Gray Lumber Co. v. Harris
Decision Date | 19 July 1910 |
Docket Number | 2,360. |
Citation | 68 S.E. 749,8 Ga.App. 70 |
Parties | GRAY LUMBER CO. v. HARRIS et al. |
Court | Georgia Court of Appeals |
Syllabus by the Court.
Where on reviewing a judgment of nonsuit, the Supreme Court has rendered a decision which could not have been correctly rendered, as rendered, if a certain insistence of one of the parties had been considered well taken, it will, in future trials of the case, be construed as a decision against that insistence, although the matter is not mentioned in the course of the opinion.
Where the vendor of standing timber sells it to another, and in the conveyance makes a stipulation by which the right to cut the timber is to terminate upon the expiration of three years from the time the vendee or his assign begins to cut it, the three-year period will not be started to running by the act of an outsider in entering upon the lands and cutting a portion of the timber without the consent of the vendee or his assign; aliter, if the person doing the cutting has authority to do so from the then holder of the title to the timber under the conveyance mentioned.
(a) In a case like that just mentioned, if the person who wrongfully did the cutting should, more than three years thereafter purchase the timber rights from the person who owned them at the time of the unauthorized cutting, his prior trespass, in having entered upon the timber and cut a portion of it without authority, would not operate to forfeit the title to the timber, on the theory that the period of three years had expired since he (the person thus acquiring the title) had commenced to cut it.
Though standing timber is realty, and a conveyance of standing timber should be in writing, yet where such a conveyance contains a clause whereby the vendee's right to cut the timber is to expire within a certain time after the happening of a designated act, the vendor may orally waive his right to insist upon counting the time of this limitation as running because of the happening of an act which, but for his waiver might be considered as the starting point.
The plaintiff in trespass recovers on the strength of his own title, and not on the weakness of the defendant's. The alleged error in respect to the admission of testimony in regard to the asserted title of the defendant in this case was immaterial.
(Additional Syllabus by Editorial Staff.)
"Waiver" is a voluntary relinquishment of some known right, benefit, or advantage, which, except for such waiver, the person waiving would have enjoyed.
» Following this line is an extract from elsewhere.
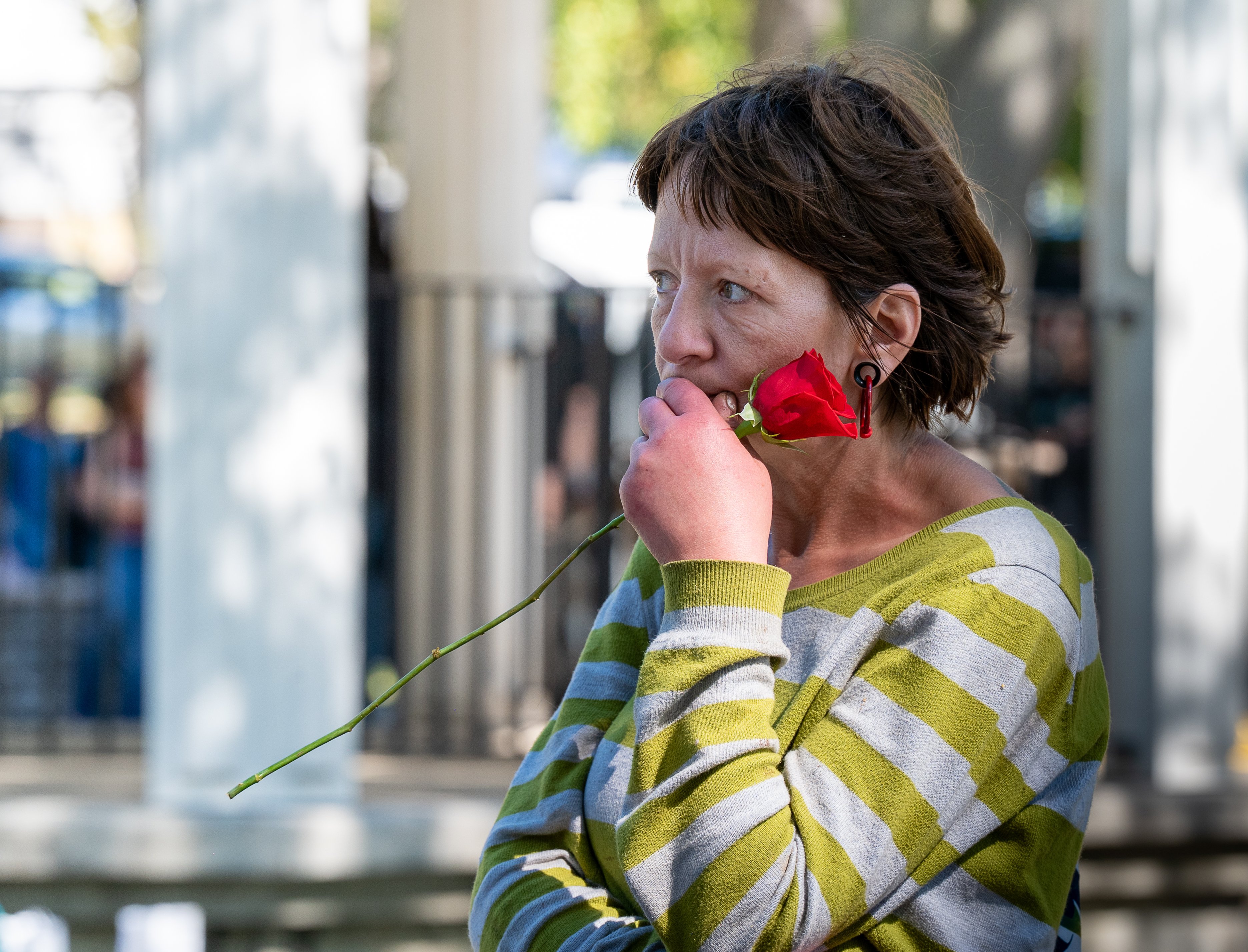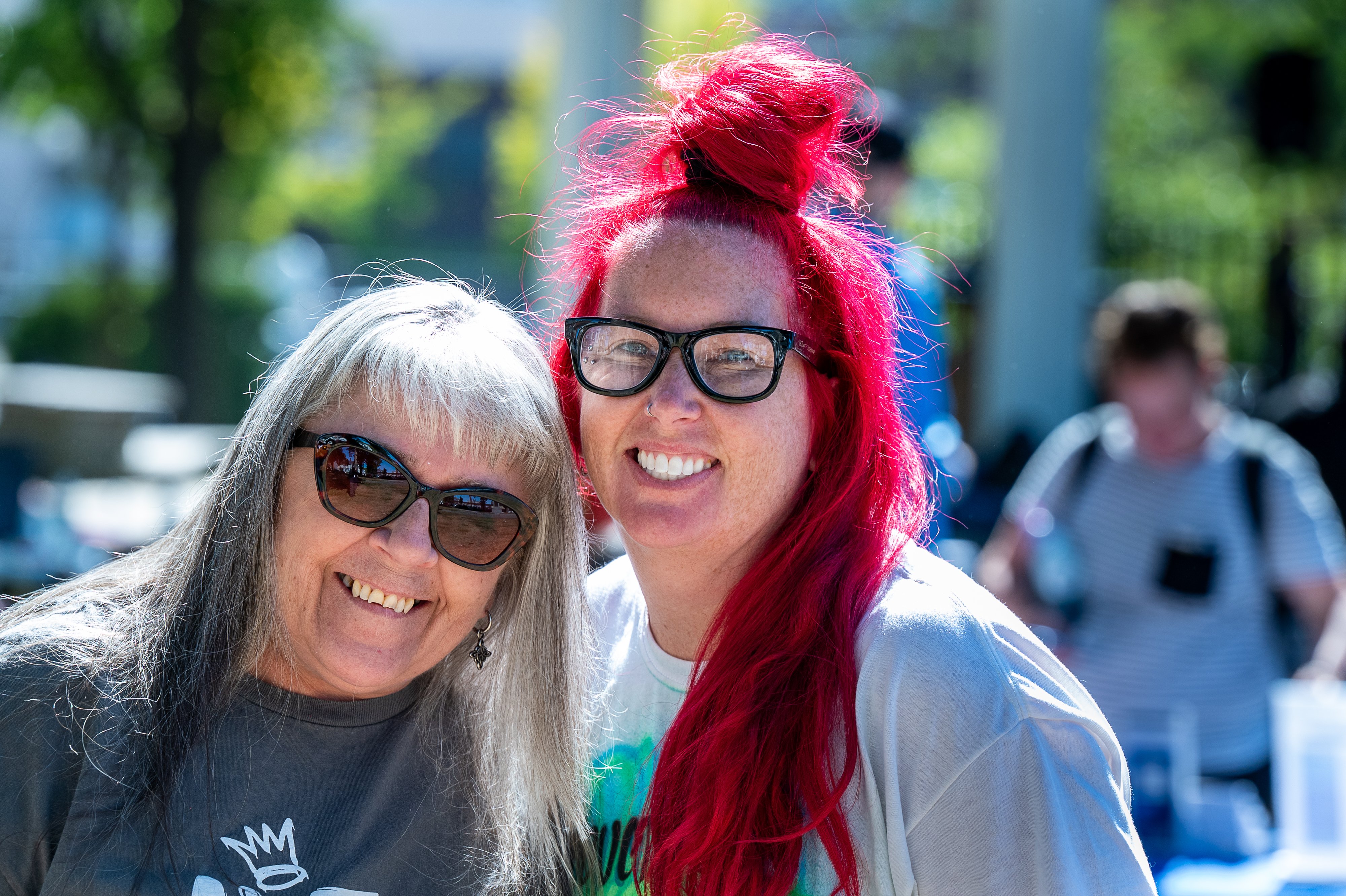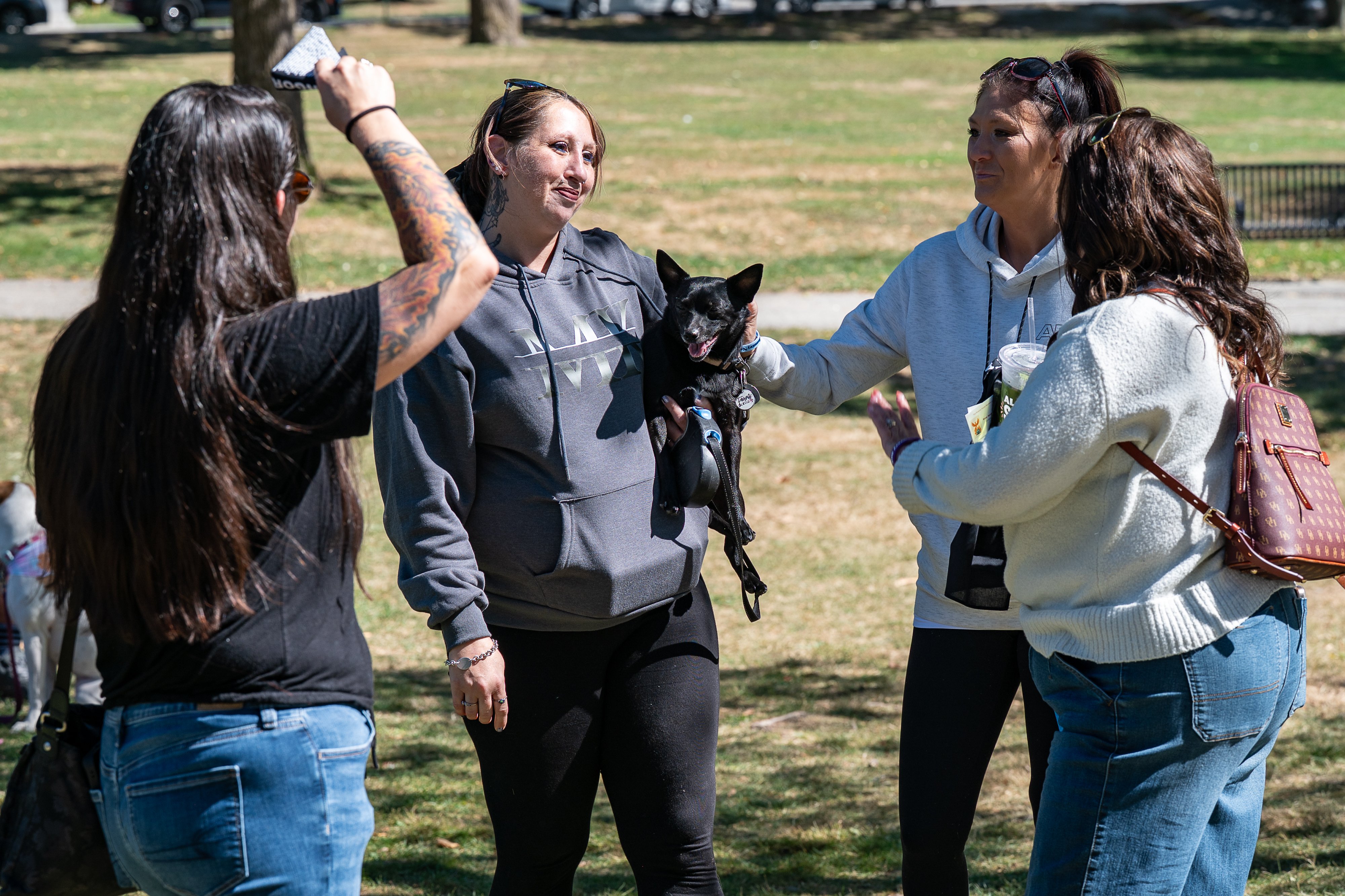 Maine’s director of Opioid Response, Gordon Smith, speaks Saturday afternoon at the Rally for Recovery in the gazebo at Kennedy Park in Lewiston. Presented by the Lewiston Area Public Health Committee, the gathering drew hundreds of outreach workers, councilors and many people who have recovered or are in recovery. In addition to numerous speakers, there were dozens of tables where people could learn about or become involved with recovery, as well as enjoy music, crafts and free food. (Russ Dillingham/Staff Photographer)A woman dances Saturday afternoon at the Rally for Recovery at Kennedy Park in Lewiston. (Russ Dillingham/Staff Photographer)A woman holds a rose while waiting in line for food Saturday afternoon at the Rally for Recovery at Kennedy Park in Lewiston. (Russ Dillingham/Staff Photographer)Pam Whittier, second from right, pets LULU, held by Tamra Hurd, on Saturday in Kennedy Park in Lewiston during a Rally for Recovery. In recovery for the past nine months and eager to share her story of pulling herself out of addiction, Hurd was among hundreds of people who attended the gathering. (Russ Dillingham/Staff Photographer)Kennedy Park bustles Saturday afternoon with people attending Rally for Recovery presented by the Lewiston Area Public Health Committee. Hundreds of outreach workers, councilors and people who have recovered or are in recovery attended. In addition to numerous speakers, there were dozens of tables where people could learn about or become involved with recovery, as well as enjoy music, crafts and free food. (Russ Dillingham/Staff Photographer)Linda Doucette Scott, left, and Jamie Caouette pause for a photo Saturday afternoon during Rally for Recovery at Kennedy Park in Lewiston. Presented by the Lewiston Area Public Health Committee, the gathering drew hundreds of outreach workers, councilors and many people who have recovered or are in recovery. In addition to numerous speakers, there were dozens of tables where people could learn about or become involved with recovery, as well as enjoy music, crafts and free food. (Russ Dillingham/Staff Photographer)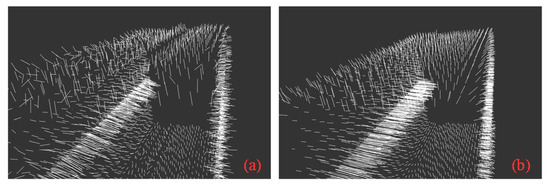 To verify the effectiveness of the normal vector filtering algorithm proposed in this paper, the point cloud normal vector was extracted from the Cube point cloud. The effect of the normal vector extraction is presented in Figure 5, where Figure 5a shows the point cloud normal vector obtained by the moving least square (MLS) method, and Figure 5b shows the normal vector obtained by the normal vector filtering algorithm, proposed in this work.

Error from City Court of Douglas; E. Wall, Judge.
Action by the Gray Lumber Company against E. G. Harris and others. Judgment of nonsuit, and plaintiff brings error. Reversed.
Lankford & Dickerson, for plaintiff in error.
Lane & Park and J. W. Quincey, for defendants in error.
1. We consider that the decision of the Supreme Court has settled (at least so far as the present case is concerned) that the limitation clause of the timber conveyance from John Vickers, under which the plaintiff claimed, was such as to cause the estate held by the grantees in the timber to terminate within three years from the time that the grantees in that lease or any other person authorized by them began to cut the timber. If the point that the limitation clause in the lease was not a limitation upon the title--but merely upon the right of ingress and egress (i. e., was a covenant and not a condition), were well taken, it would have been a sufficient reason for the Supreme Court to have reversed the former judgment of nonsuit. Only upon the theory that the lease had terminated by the fact of the cutting and the running of the three years thereafter can the affirmance of the judgment of nonsuit be justified, under the facts presented by the record in the case then before the Supreme Court; and, therefore, while the court did not in express language refer to this feature of the case, the judgment rendered must be taken as having by necessary implication decided this branch of the plaintiff's case adversely to it.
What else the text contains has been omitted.